[[ EXERCISE DATA open ]]

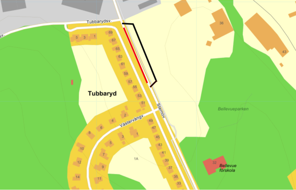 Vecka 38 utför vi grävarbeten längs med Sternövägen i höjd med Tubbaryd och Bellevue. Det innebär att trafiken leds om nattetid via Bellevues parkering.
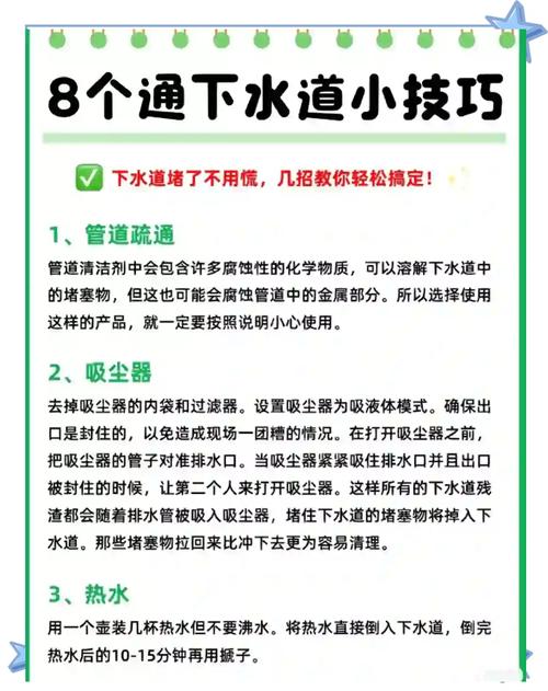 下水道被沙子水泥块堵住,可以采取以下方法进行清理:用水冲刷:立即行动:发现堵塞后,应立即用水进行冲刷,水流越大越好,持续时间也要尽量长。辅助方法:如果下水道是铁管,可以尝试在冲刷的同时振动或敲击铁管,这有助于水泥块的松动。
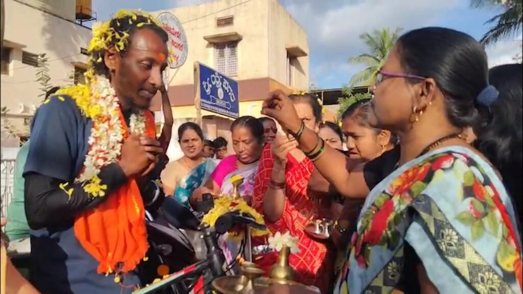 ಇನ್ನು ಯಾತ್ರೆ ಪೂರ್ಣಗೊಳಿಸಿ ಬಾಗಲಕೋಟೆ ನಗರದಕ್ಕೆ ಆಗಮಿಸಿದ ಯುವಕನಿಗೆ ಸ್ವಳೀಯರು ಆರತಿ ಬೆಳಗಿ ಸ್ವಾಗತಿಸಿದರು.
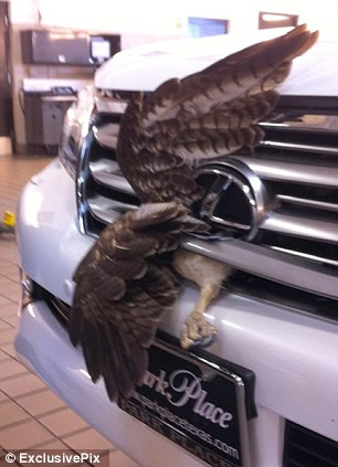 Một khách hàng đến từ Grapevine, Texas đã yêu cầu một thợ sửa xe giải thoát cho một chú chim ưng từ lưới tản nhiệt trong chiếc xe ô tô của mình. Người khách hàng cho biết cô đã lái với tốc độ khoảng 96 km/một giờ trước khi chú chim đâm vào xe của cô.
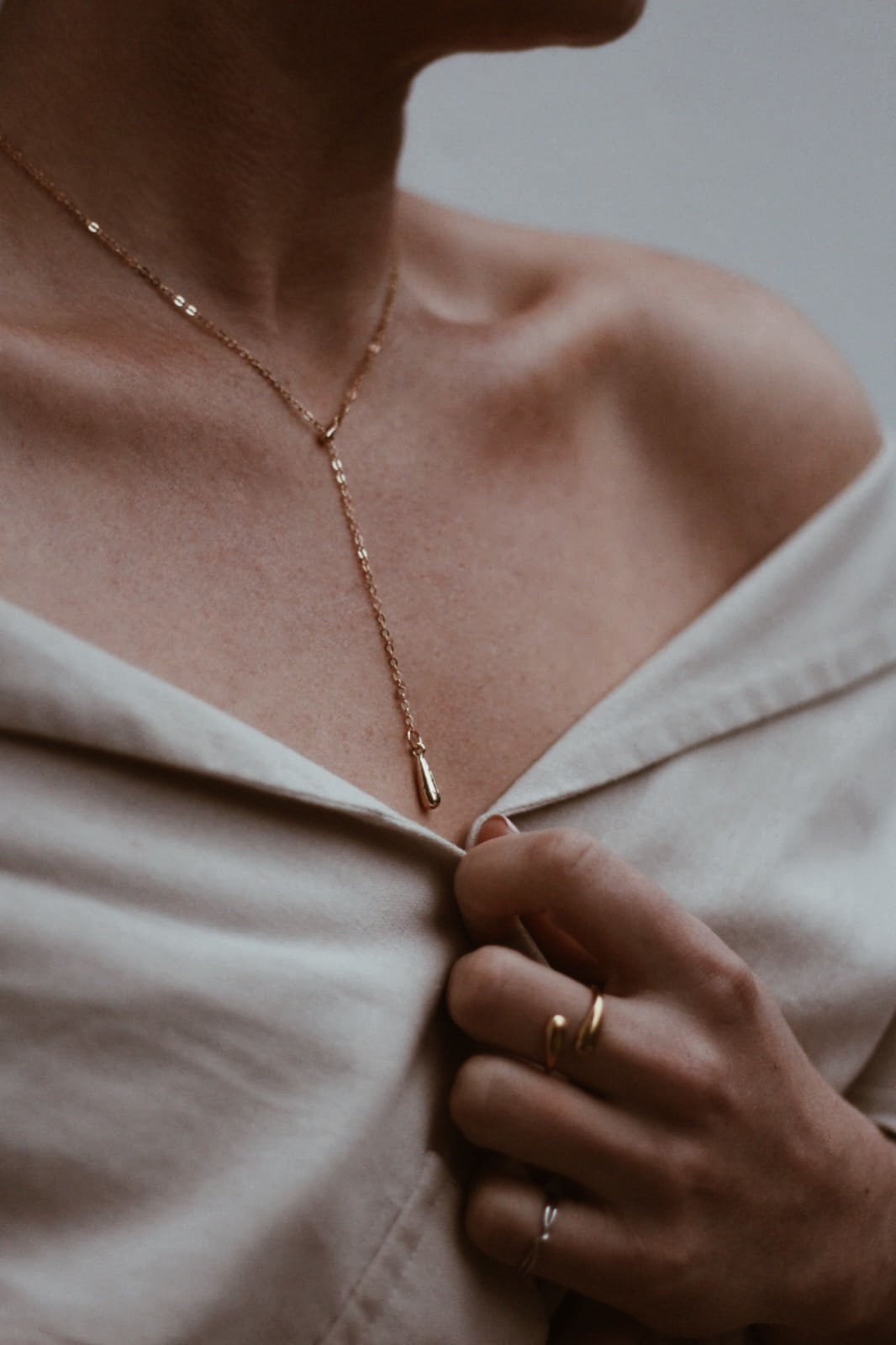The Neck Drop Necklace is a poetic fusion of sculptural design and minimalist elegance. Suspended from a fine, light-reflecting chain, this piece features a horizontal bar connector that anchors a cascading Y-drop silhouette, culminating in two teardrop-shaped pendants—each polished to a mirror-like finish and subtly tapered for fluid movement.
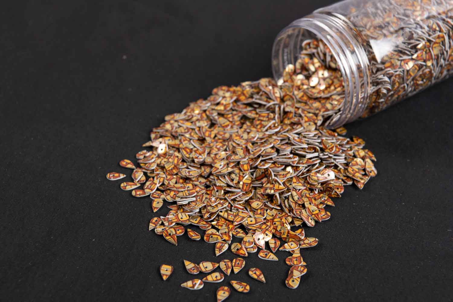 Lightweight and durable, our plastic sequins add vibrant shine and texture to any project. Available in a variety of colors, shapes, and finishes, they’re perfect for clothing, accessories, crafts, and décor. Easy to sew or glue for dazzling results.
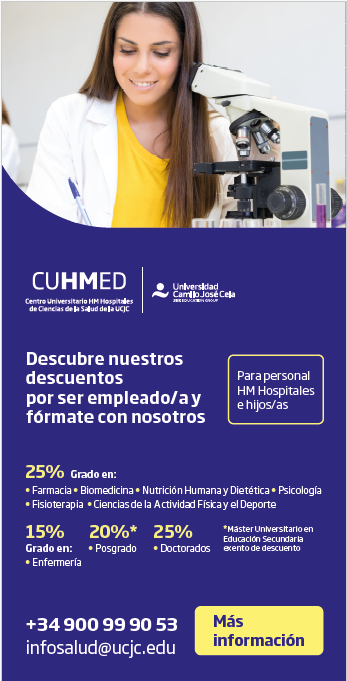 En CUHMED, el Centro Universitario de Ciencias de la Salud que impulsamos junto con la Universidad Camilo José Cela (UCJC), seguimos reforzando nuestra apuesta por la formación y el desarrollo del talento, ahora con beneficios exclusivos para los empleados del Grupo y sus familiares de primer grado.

[[ EXERCISE DATA closed ]]

With the pictures removed, return each record above exactly as given.

> [SOLUTION FOR THIS EXERCISE]:
 Vecka 38 utför vi grävarbeten längs med Sternövägen i höjd med Tubbaryd och Bellevue. Det innebär att trafiken leds om nattetid via Bellevues parkering.
 下水道被沙子水泥块堵住,可以采取以下方法进行清理:用水冲刷:立即行动:发现堵塞后,应立即用水进行冲刷,水流越大越好,持续时间也要尽量长。辅助方法:如果下水道是铁管,可以尝试在冲刷的同时振动或敲击铁管,这有助于水泥块的松动。
 ಇನ್ನು ಯಾತ್ರೆ ಪೂರ್ಣಗೊಳಿಸಿ ಬಾಗಲಕೋಟೆ ನಗರದಕ್ಕೆ ಆಗಮಿಸಿದ ಯುವಕನಿಗೆ ಸ್ವಳೀಯರು ಆರತಿ ಬೆಳಗಿ ಸ್ವಾಗತಿಸಿದರು.
 Một khách hàng đến từ Grapevine, Texas đã yêu cầu một thợ sửa xe giải thoát cho một chú chim ưng từ lưới tản nhiệt trong chiếc xe ô tô của mình. Người khách hàng cho biết cô đã lái với tốc độ khoảng 96 km/một giờ trước khi chú chim đâm vào xe của cô.
The Neck Drop Necklace is a poetic fusion of sculptural design and minimalist elegance. Suspended from a fine, light-reflecting chain, this piece features a horizontal bar connector that anchors a cascading Y-drop silhouette, culminating in two teardrop-shaped pendants—each polished to a mirror-like finish and subtly tapered for fluid movement.
 Lightweight and durable, our plastic sequins add vibrant shine and texture to any project. Available in a variety of colors, shapes, and finishes, they’re perfect for clothing, accessories, crafts, and décor. Easy to sew or glue for dazzling results.
 En CUHMED, el Centro Universitario de Ciencias de la Salud que impulsamos junto con la Universidad Camilo José Cela (UCJC), seguimos reforzando nuestra apuesta por la formación y el desarrollo del talento, ahora con beneficios exclusivos para los empleados del Grupo y sus familiares de primer grado.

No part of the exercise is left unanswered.